Da qui sono partite le prime esperienze del poliziotto di quartiere, un'idea mediatica sbandierata ai quattro venti tra taccuini e telecamere e rientrata in sordina, meno di un anno dopo, perché gli organici sono quello che sono. Il primo distretto di polizia ha competenza su tutti i palazzi del potere: governo, Viminale, presidenza della Repubblica, ministeri, TAR, DDA, oltre a diverse ambasciate tra cui USA e Giappone. Ogni giorno, il dirigente deve vedersela con almeno quattro o cinque manifestazioni e gli vengono aggregati temporaneamente rinforzi che vanno dai trecento ai cinquecento uomini tra poliziotti, carabinieri, finanzieri. Una poltrona che può proiettarti verso le altissime sfere della polizia o farti precipitare irrimediabilmente nel dimenticatoio. Molte carriere prestigiose sono passate di qui, altre si sono arenate per sempre: basta un "lei non sa chi sono io" detto al poliziotto sbagliato che sporge denuncia e crea una grana spaziale o una manifestazione con troppe teste rotte (o troppo poche, a seconda di come gira il vento della politica) e arriva il siluro. Trasferimento semipunitivo o promoveatur ut amoveatur, a seconda dei casi. In ogni modo sei fottuto. E infatti i funzionari che arrivano qui camminano sulle uova per due o tre anni, stanno bene attenti a non combinare casini e non vedono l'ora di essere spostati a un incarico che non comporti qualche chilo d'esplosivo sotto la scrivania.

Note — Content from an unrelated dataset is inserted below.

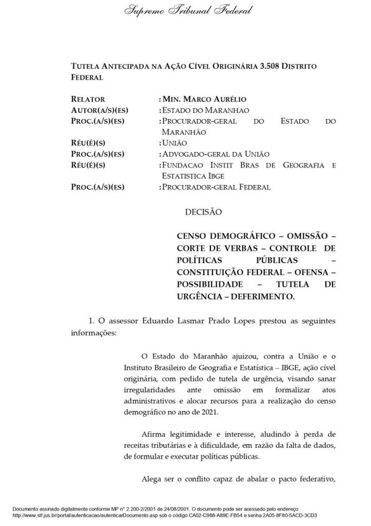Mello acolheu pedido do governador do Maranhão, Flávio Dino (PC do B) e determinou que governo faça a “adoção de medidas voltadas à realização do censo”.

Dentro la palazzina che si staglia sulla piazza come un fortino, a pochi passi dal cicaleccio degli studenti del classico Visconti, una cittadella con parcheggio interno, bar, palestra e camere di sicurezza che fanno invidia a quelle della questura. All'attico, il principesco alloggio di servizio riservato al dirigente e attualmente in ristrutturazione.

Antonio Assisi ha deciso che la sua riscossa partirà da qui. Dall'appartamento signorile da rimettere completamente a nuovo che il ministro dell'Interno Giovanni De Stefanis, arrivato fresco fresco da Pescara, ha reclamato per sé sfrattando su due piedi il funzionario che ne aveva diritto. Un colpo di mano che viola tutte le regole, visto che l'assegnazione degli alloggi spetta al dipartimento di PS e di conseguenza al capo della polizia, ma chissenefrega delle regole quando c'è un pesce grosso di mezzo.

Assisi ha fiutato l'aria e ha capito che De Stefanis, anche se non l'ha mai visto, è un'anima affine, ragiona esattamente come lui con quella dose di spregiudicatezza che non guasta e un sano disprezzo per i moralismi inutili. Tutto sta a vedere fin dove può spingersi e lo scoprirà presto.

Quando il ministro arriva, col suo piccolo corteo di auto blu e un'ora e mezzo di ritardo, Assisi è sulla porta assieme a una pattuglia di funzionari (tra cui l'incazzatissimo dirigente sfrattato che rosica in silenzio), elegantissimo nel suo completo blu con cravatta regimental ed è il primo a stringergli la mano con quel mezzo inchino servile, una specie di inclinazione del busto in avanti e gli occhi bassi che equivale a una riverenza del Settecento, ma con molta meno dignità.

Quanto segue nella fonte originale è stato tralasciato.